* **RAW DATA**:

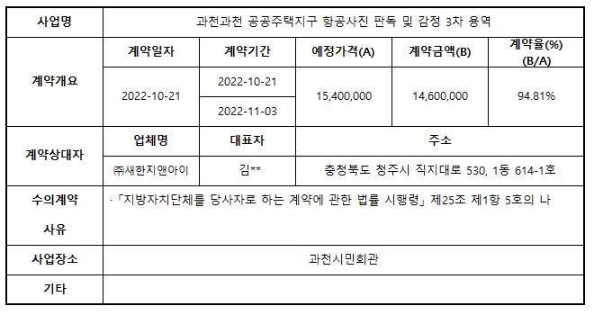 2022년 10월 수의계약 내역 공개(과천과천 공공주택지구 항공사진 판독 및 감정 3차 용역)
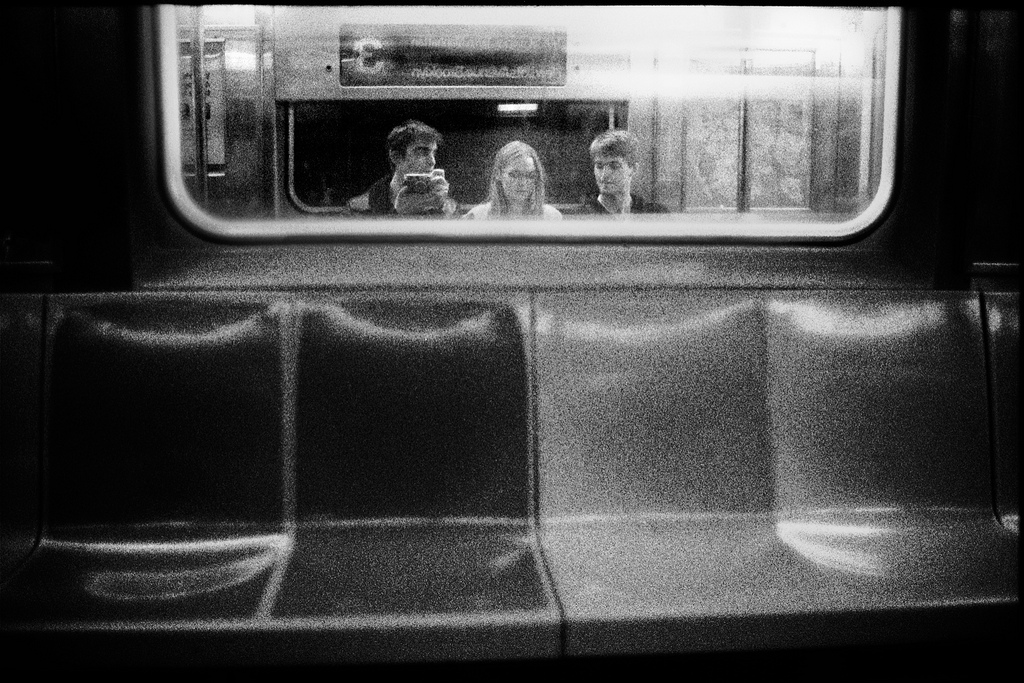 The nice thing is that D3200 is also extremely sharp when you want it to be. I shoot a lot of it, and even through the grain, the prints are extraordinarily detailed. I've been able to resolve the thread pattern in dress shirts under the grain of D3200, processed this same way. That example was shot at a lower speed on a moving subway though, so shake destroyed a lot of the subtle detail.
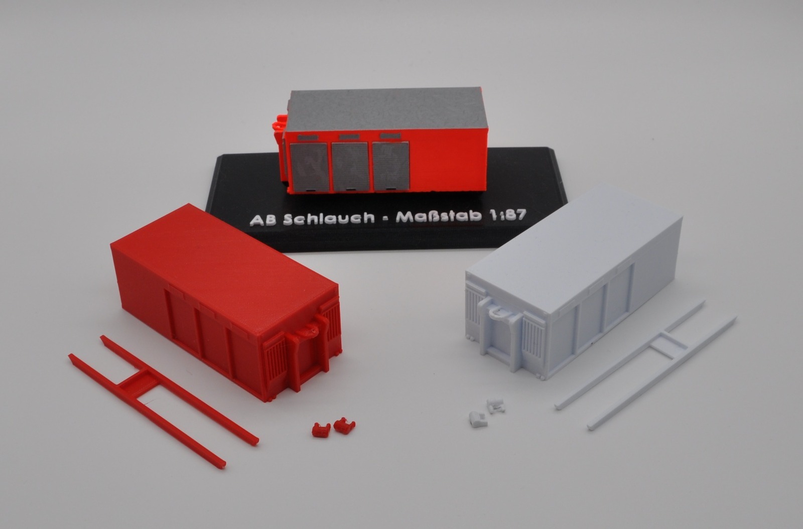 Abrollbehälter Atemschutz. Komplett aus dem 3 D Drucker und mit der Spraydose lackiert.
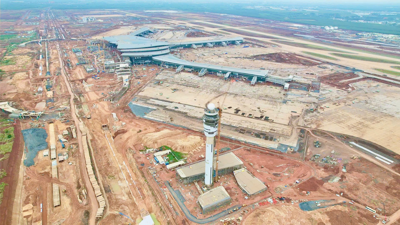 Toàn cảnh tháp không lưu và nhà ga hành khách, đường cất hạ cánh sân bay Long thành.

* **WHAT IS BEING ASKED**: The result should be the full listing, retyped exactly and free of pictures.

* **EXERCISE OUTPUT**:
 2022년 10월 수의계약 내역 공개(과천과천 공공주택지구 항공사진 판독 및 감정 3차 용역)
 The nice thing is that D3200 is also extremely sharp when you want it to be. I shoot a lot of it, and even through the grain, the prints are extraordinarily detailed. I've been able to resolve the thread pattern in dress shirts under the grain of D3200, processed this same way. That example was shot at a lower speed on a moving subway though, so shake destroyed a lot of the subtle detail.
 Abrollbehälter Atemschutz. Komplett aus dem 3 D Drucker und mit der Spraydose lackiert.
 Toàn cảnh tháp không lưu và nhà ga hành khách, đường cất hạ cánh sân bay Long thành.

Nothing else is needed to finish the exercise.